Now clients have the option to buy a cost-efficient, low carbon-footprint product, such as a greener version of the Euro Stoxx 50, that has limited tracking error to the parent index and without a heavy sector risk. Not only can they buy it, but the new public information helps clients understand those funds better, too.

“Client’s are moving from having a niche interest in green issues to asking themselves, why wouldn’t I invest in ESG? In other words, we’re moving from a ‘why would I’ to a ‘why wouldn’t you?’” says Crocombe. “That shift then leads to the mass adoption of ESG, which I find super exciting.”

The next phase of ESG will be, according to Crocombe, less about excluding certain companies and sectors but rather including securities that contribute to and promote the issues that investors care about.

“People are just beginning to say, I understand I don’t own coal or cluster munitions and I do own a higher percentage of the industries that create jobs – or whatever I’m interested in – now tell me what you’re doing at an asset allocation level to make a difference here.”

In response, BlackRock now works to provide thematic rotation in ESG portfolios, but Crocombe stresses that the more nuanced work is “cutting edge” and will take time to develop.

Despite advancements in the use of technology and investments like ESG, Crocombe insists that the price must still be competitive. Over the next 10 years, rather than a race to the bottom on prices, companies will look to offer the best deal they can while keeping the investor’s risk profile front and centre.

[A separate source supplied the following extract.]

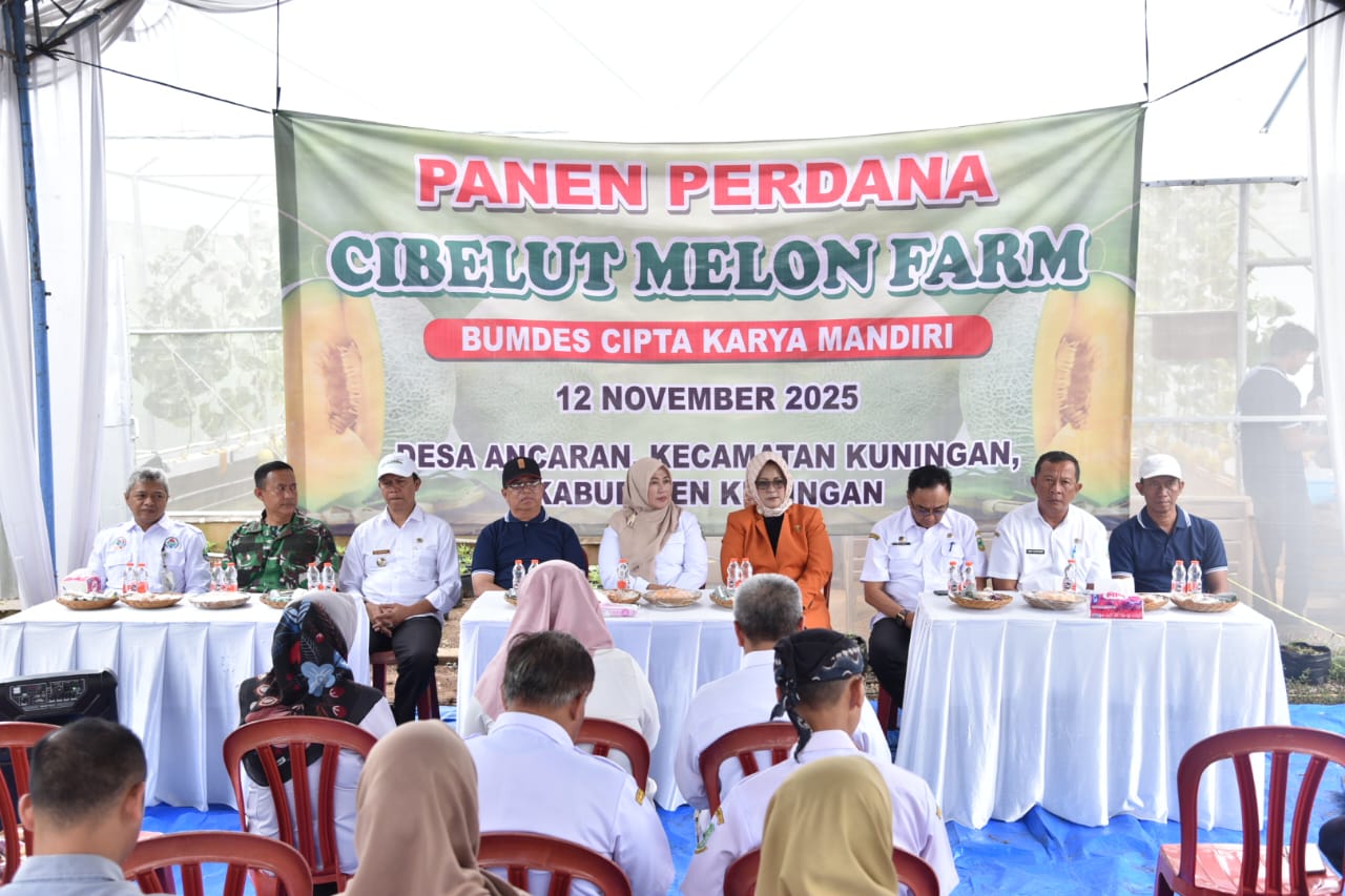 KUNINGAN, — Wakil Bupati Kuningan Tuti Andriani menghadiri kegiatan Panen Perdana Cibelut Melon Farm yang berlokasi di Jalan Mbah Dako, Blok Pahing Desa Ancaran, Rabu (12/11/2025). Kegiatan ini diselenggarakan oleh Badan Usaha Milik Desa (BUMDes) Cipta Karya Mandiri Desa Ancaran sebagai salah satu wujud inovasi pertanian dan penguatan ekonomi masyarakat desa.

“I think you’ve got to offer killer value for money – that’s what the regulator expects and that’s what the consultant expects if you’re thinking about defined benefit pensions,” he explains. “Value for money involves a price point that’s linked to a quality set of features. Let’s use the car analogy: look at Skoda, VW, Audi – they all have different price points in the market, but they’re all great cars that win in their own classes in terms of quality.”

Some clients may assume that investing in a cheap robo service means making sacrifices in terms of risk management and asset allocation, but Crocombe insists this should not be the case. He does say, however, that a higher price point can bring in other features, from tactical asset allocation, more focused underlying securities and thematics to liquid alternatives.

“As the price point goes up you want a clear improvement in risk-adjusted return,” he says. “What you don’t want to do is add features that look complex but don’t deliver a clear improvement in that sense.”